Self-propagating protein conformations as targets of intracellular immunity (360G-Wellcome-206248_Z_17_Z)

Recent discoveries in neurodegeneration support the cell-to-cell transmission and replication of certain ‘prion-like’ proteins in a manner highly reminiscent of viral infection. This suggests that antiviral mechanisms could potentially be used to treat neurodegenerative diseases. The novel antibody receptor TRIM21 engages immune complexes in the cytoplasm and elicits their proteasome-dependent destruction. This activity prevents infection by viruses that enter the cell with antibodies attached to them. Preliminary data show that seeds of tau, a cytoplasmic prion-like protein that aggregates in Alzheimer’s disease, can similarly be neutralized in this way. This study will combine high-content cellular seeding assays, degradation assays and two mouse models of tau pathology to investigate the mechanism of antibody protection during immunotherapy. Using antibody engineering and knockout mice lines, I will quantify the contribution of TRIM21 and classical Fc receptors to immunotherapeutic protection against neurodegeneration.

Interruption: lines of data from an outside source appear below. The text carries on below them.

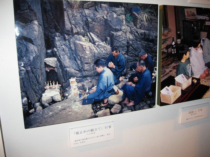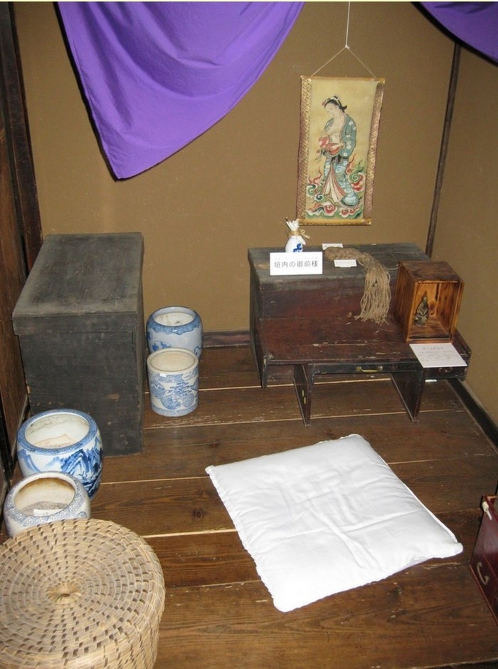 Известные как nandogami или gozensama, эти священные предметы для скрытых христиане считались goshintai - божественным священным сосудом. На стене висит икона с изображением Мадонны с младенцем.
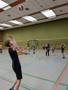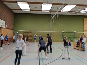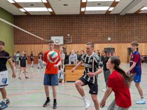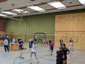 Jede Klasse ging mit vier bunt gemischten Teams an den Start, die in spannenden Gruppenspielen gegeneinander antraten. Von der ersten Minute an war klar: Hier ging es nicht nur um Punkte, sondern um Einsatz, Teamgeist und den Willen, gemeinsam etwas zu erreichen. Die Stimmung war energiegeladen, die Ballwechsel mitreißend – und dennoch blieb der faire Umgang miteinander jederzeit spürbar. Ob am Netz, in der Abwehr oder bei spektakulären Angriffen – die Teams schenkten sich nichts und boten ein sportliches Kräftemessen auf hohem Niveau. Wer letztlich das Rennen um den Turniersieg gemacht hat, sei an dieser Stelle offen gelassen – denn im Mittelpunkt standen nicht nur Tabellenstände, sondern vor allem das Miteinander und der sportliche Respekt.
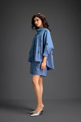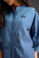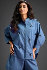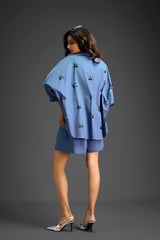 Blue Butterfly Embellished Pleated Shirt & Shorts Set

I will determine how cellular machinery elicits the inactivation of prion-like proteins. This combined approach will support an understanding of intracellular inactivation of prion-like proteins and relate it to disease progression. Current understanding has not translated into disease-modifying therapeutic interventions for neurodegeneration. These studies may inform new strategies aimed at limiting spread of pathogenic protein assemblies using antibodies.